Co-investments also came in for scrutiny during the roundtable session. But with a general partner or GP – the main investor who holds liability for the partnership – in the driver seat, the limited partners (LPs) who are co-investing are effectively “in the side car,” said Cyril Demaria, Head of Private Markets at Wellershoff & Partners. “I think it’s very risky.” He cited the example of institutional investors who had put money into gun manufacturers and then had to backtrack. So they may have saved on fees but then faced other costs. “Save a penny but lose a dollar,” he said.

To be a buyout investor, Demaria said, you need to create value. “Assuming that anyone can generate the expected level of performance in private equity only through the leverage effects does not make sense. This would basically assume that the others, especially future buyers of the assets, are the stupid ones.”

For Fulvio Maccarone, head of private assets with a family office, it’s important to take a close look at a potential investment before taking a decision, “or you’re not in the driving seat.” This, he added, helps to “prevent accidents because, in the end, they’re equity investments.”

On the topic of fees, he said some portfolio managers had become “a little bit arrogant, even if they are excellent funds. They really asked for too much. Over the past 12 months, it’s been very aggressive.”

While the secondary market has been booming, thanks largely to the ability to borrow money, dark clouds may be gathering. According to Engelien, there has been a “huge explosion of private debt over the last four or five years as the banks have also retreated from the market.”

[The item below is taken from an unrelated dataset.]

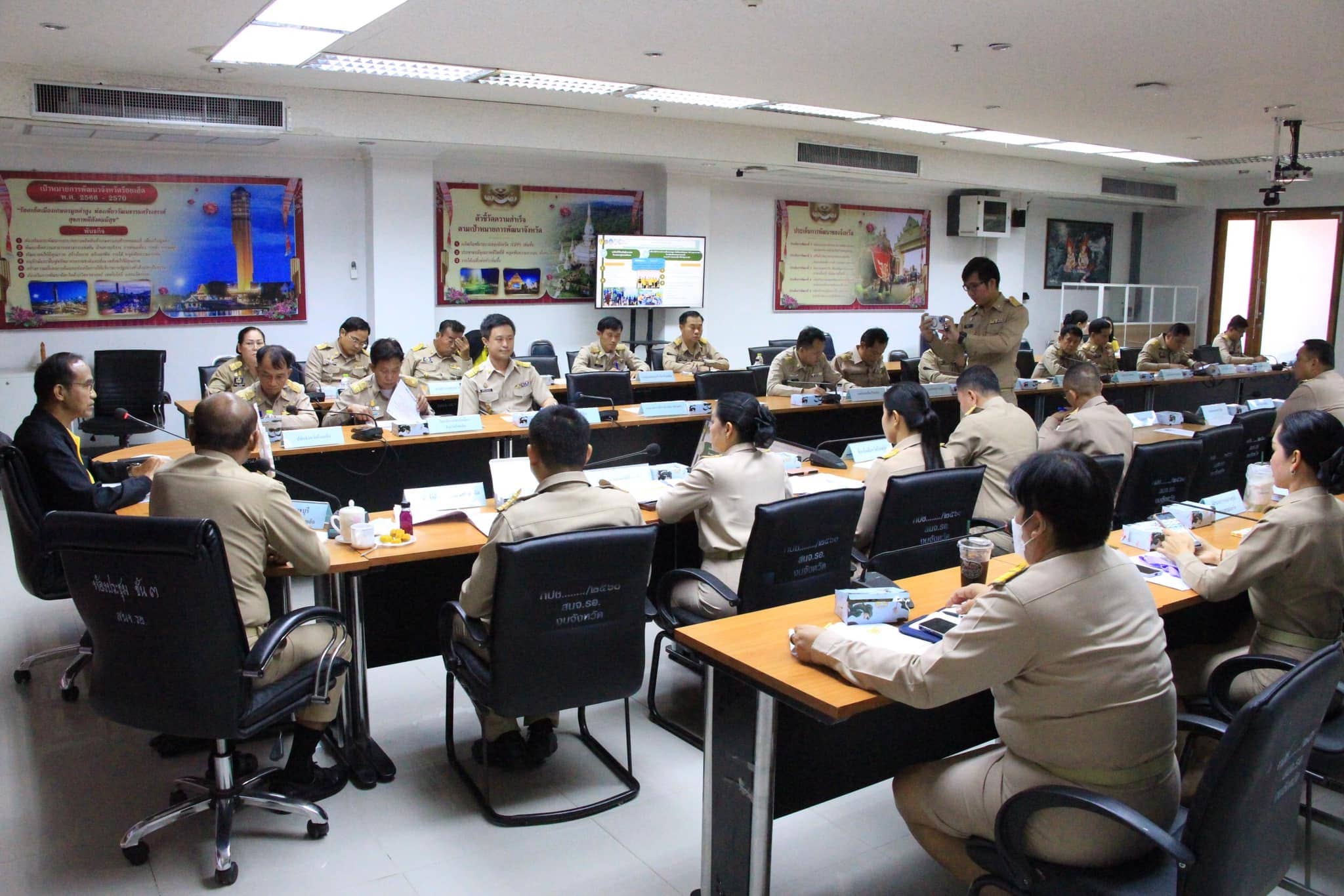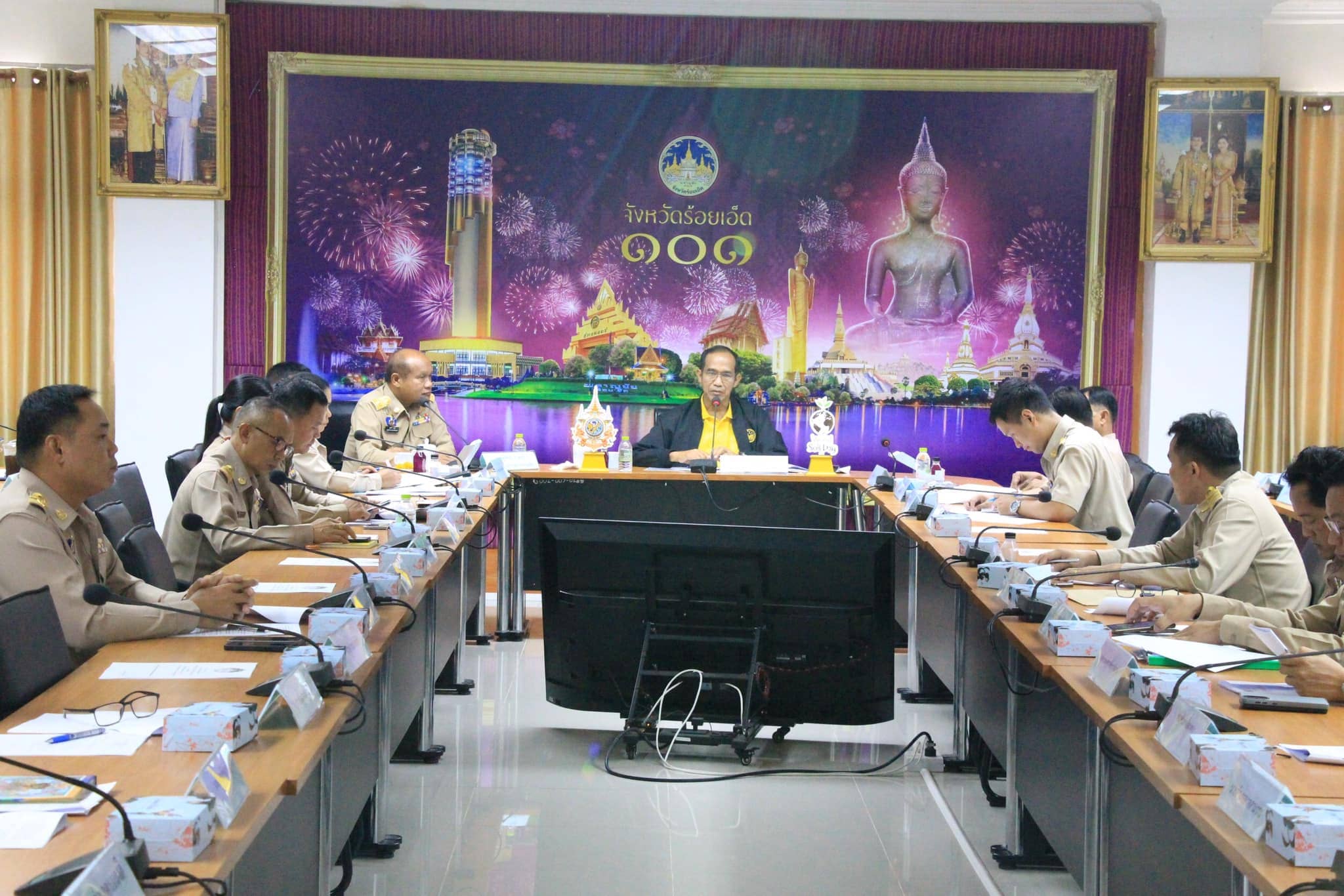 วันอังคารที่ 14 พฤษภาคม 2567 เวลา 09.30 น. จ.ส.อ.ทรงวุฒิ สัตบุตร รองปลัดเทศบาลเมืองร้อยเอ็ด ร่วมประชุมการตรวจราชการประจำเดือนพฤษภาคม 2567 ของผู้ตรวจราชการกระทรวงมหาดไทย นายณรงค์ จีนอ่ำ และคณะ เพื่อติดตามงานนโยบายรัฐบาลและภารกิจสำคัญของกระทรวงมหาดไทย ในพื้นที่จังหวัดร้อยเอ็ด ณ ห้องประชุมพระเวสสันดร(ชั้น3) ศาลากลางจังหวัดร้อยเอ็ด

Emmanuel Jurczenko, the EHL finance professor who co-organized the 1st private markets research conference, writes:

While investing in private markets – private equity, private debt and private real estate assets – is becoming increasingly popular among institutional investors, the lack of any reliable public source of data on private markets poses serious challenges both to academics and practitioners. We hope this event will provide valuable insights into the ‘art and science’ of investing in private markets and will become an important reference event in the field of less liquid alternative investments research, attracting leading academics and industry experts.

Professor Jurczenko is a member of the organizing committee of the 1st Private Markets Research Conference, along with Cyril Demaria of Wellershof & Partners, and Serge Darolles of Université Paris-Dauphine.

The conference, which aims to be an important academic event for researchers in the field of private equity and real estate investment, was staged at Ecole hôteliere de Lausanne on June 30, 2017, and benefited from the financial support of the Research Initiative ARDIAN/ Private Equity and Venture Capital, HES-SO University of Applied Sciences & Arts Western Switzerland and Unigestion.